* COLLECTED DATA *
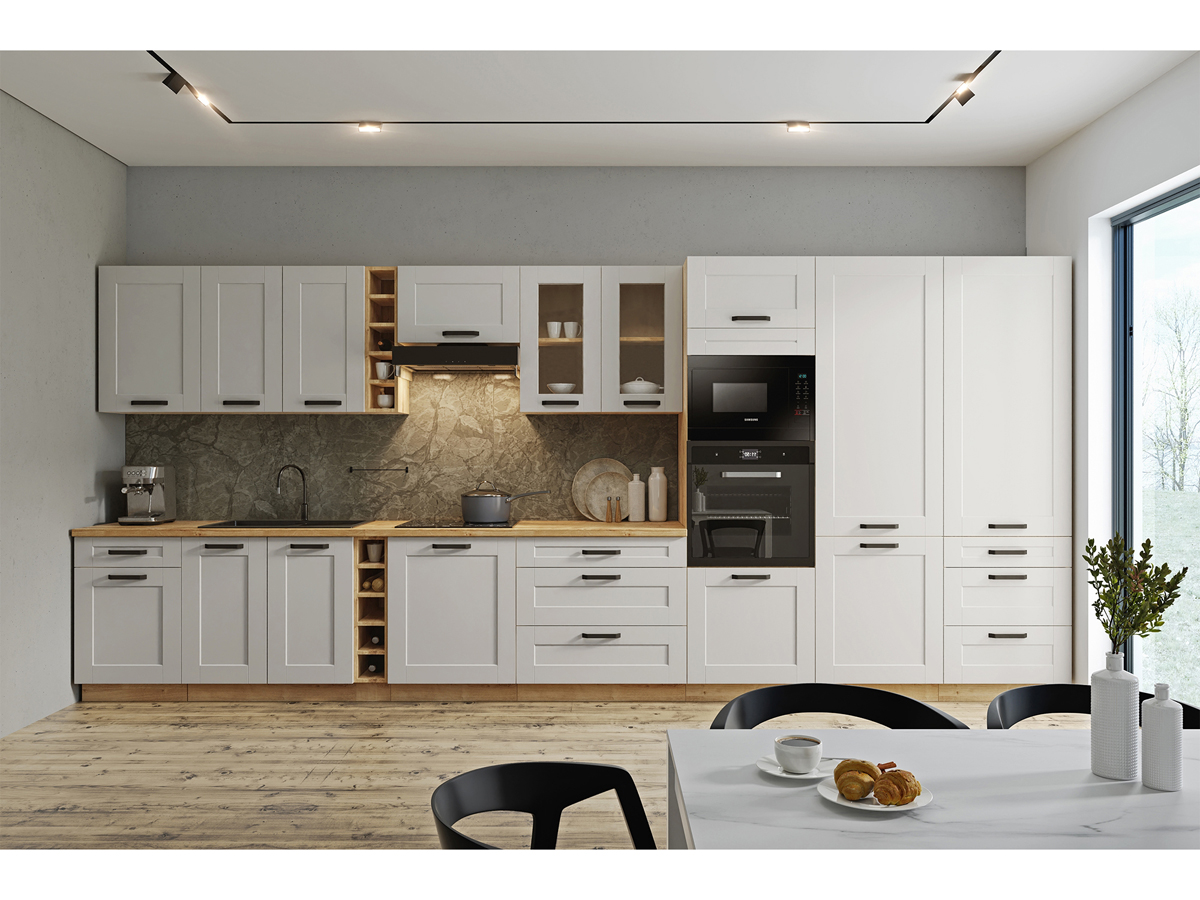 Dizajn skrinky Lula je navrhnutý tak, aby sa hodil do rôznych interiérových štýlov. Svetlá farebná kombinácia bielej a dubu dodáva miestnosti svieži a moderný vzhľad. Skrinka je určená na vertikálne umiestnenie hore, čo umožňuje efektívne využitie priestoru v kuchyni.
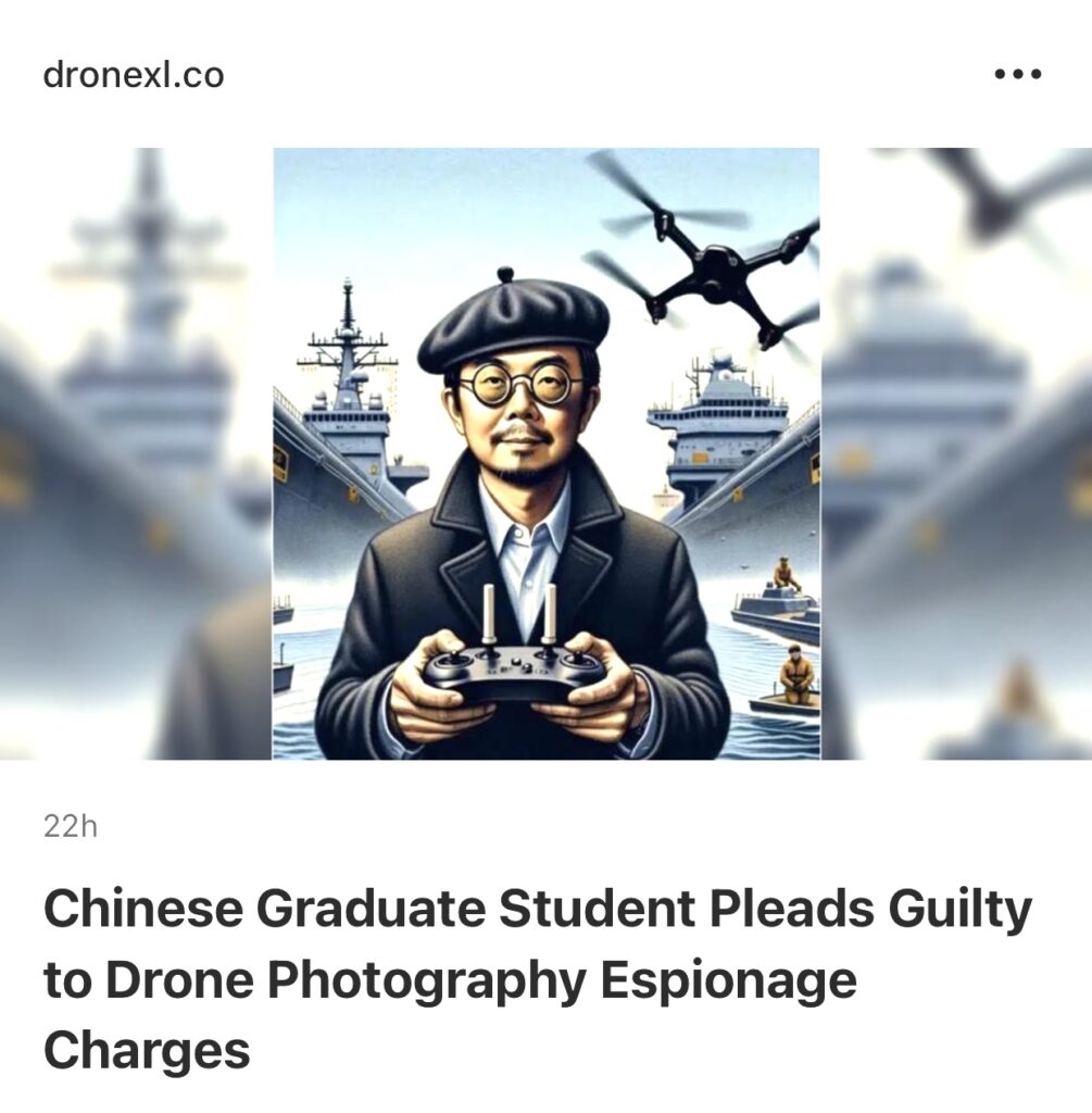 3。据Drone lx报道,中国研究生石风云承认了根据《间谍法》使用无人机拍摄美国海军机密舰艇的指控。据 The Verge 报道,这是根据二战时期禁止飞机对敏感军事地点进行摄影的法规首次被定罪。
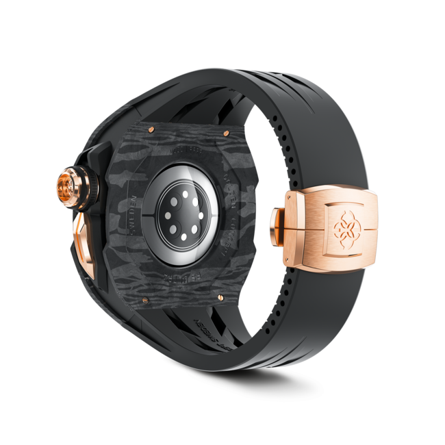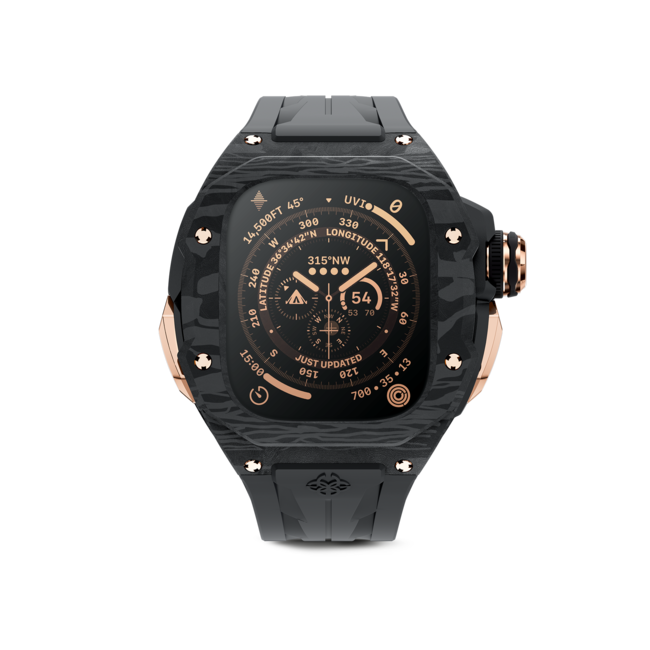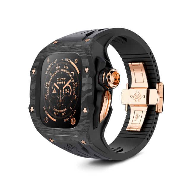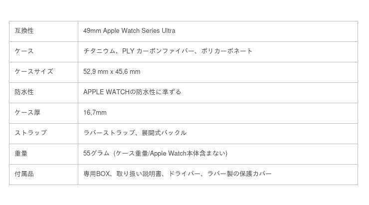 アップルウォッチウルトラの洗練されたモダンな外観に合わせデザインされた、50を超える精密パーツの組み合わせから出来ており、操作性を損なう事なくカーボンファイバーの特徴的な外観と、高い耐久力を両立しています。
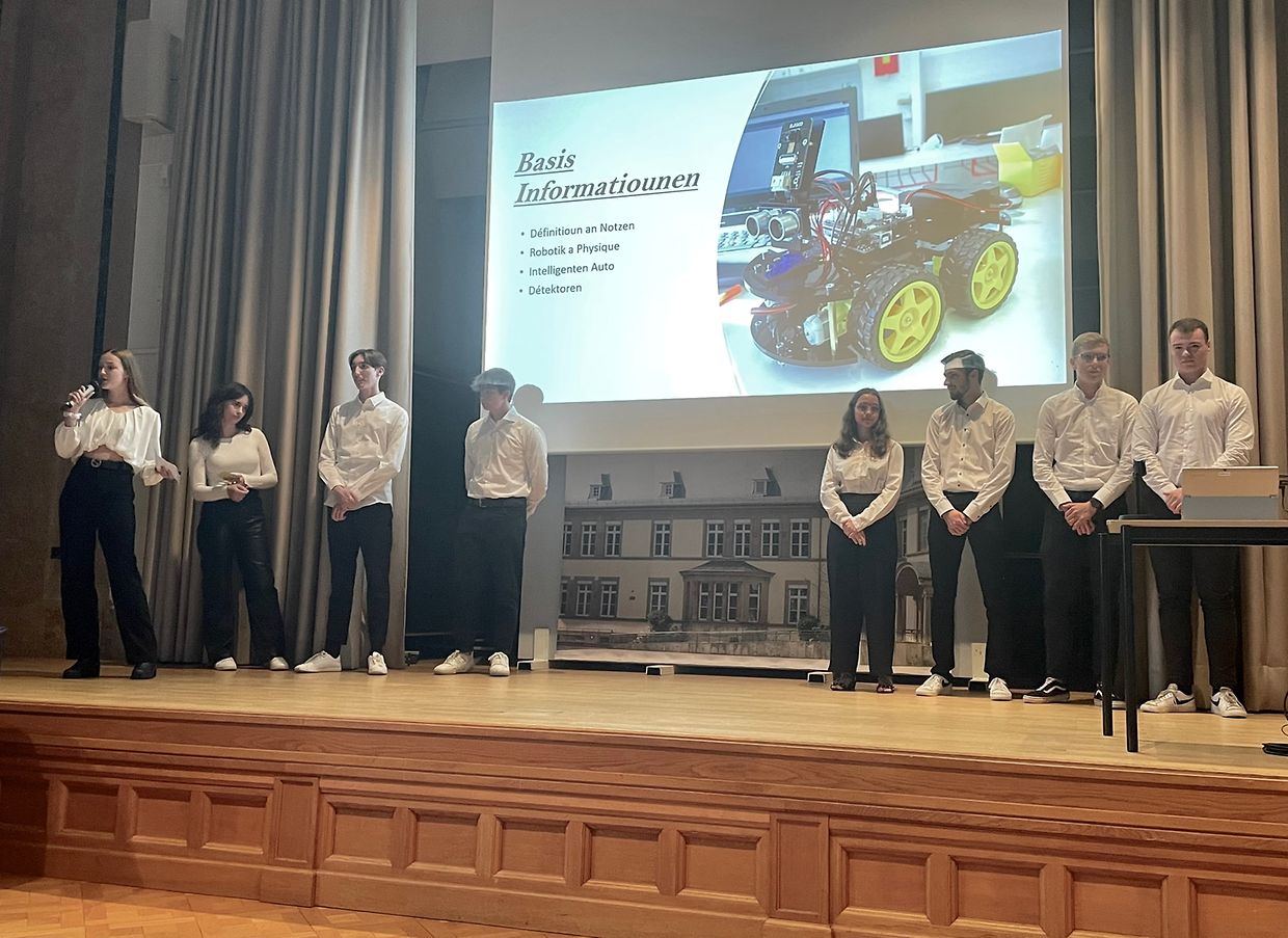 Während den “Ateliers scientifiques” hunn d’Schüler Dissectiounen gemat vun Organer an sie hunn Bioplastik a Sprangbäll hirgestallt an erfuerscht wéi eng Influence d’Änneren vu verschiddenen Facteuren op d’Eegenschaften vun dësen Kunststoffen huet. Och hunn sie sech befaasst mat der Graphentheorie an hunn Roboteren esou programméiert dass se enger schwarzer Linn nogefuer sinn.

* THE TASK *
Copy out all the data exactly. No images belong in the copy.

* RESPONSE TO THE TASK *
 Dizajn skrinky Lula je navrhnutý tak, aby sa hodil do rôznych interiérových štýlov. Svetlá farebná kombinácia bielej a dubu dodáva miestnosti svieži a moderný vzhľad. Skrinka je určená na vertikálne umiestnenie hore, čo umožňuje efektívne využitie priestoru v kuchyni.
 3。据Drone lx报道,中国研究生石风云承认了根据《间谍法》使用无人机拍摄美国海军机密舰艇的指控。据 The Verge 报道,这是根据二战时期禁止飞机对敏感军事地点进行摄影的法规首次被定罪。
 アップルウォッチウルトラの洗練されたモダンな外観に合わせデザインされた、50を超える精密パーツの組み合わせから出来ており、操作性を損なう事なくカーボンファイバーの特徴的な外観と、高い耐久力を両立しています。
 Während den “Ateliers scientifiques” hunn d’Schüler Dissectiounen gemat vun Organer an sie hunn Bioplastik a Sprangbäll hirgestallt an erfuerscht wéi eng Influence d’Änneren vu verschiddenen Facteuren op d’Eegenschaften vun dësen Kunststoffen huet. Och hunn sie sech befaasst mat der Graphentheorie an hunn Roboteren esou programméiert dass se enger schwarzer Linn nogefuer sinn.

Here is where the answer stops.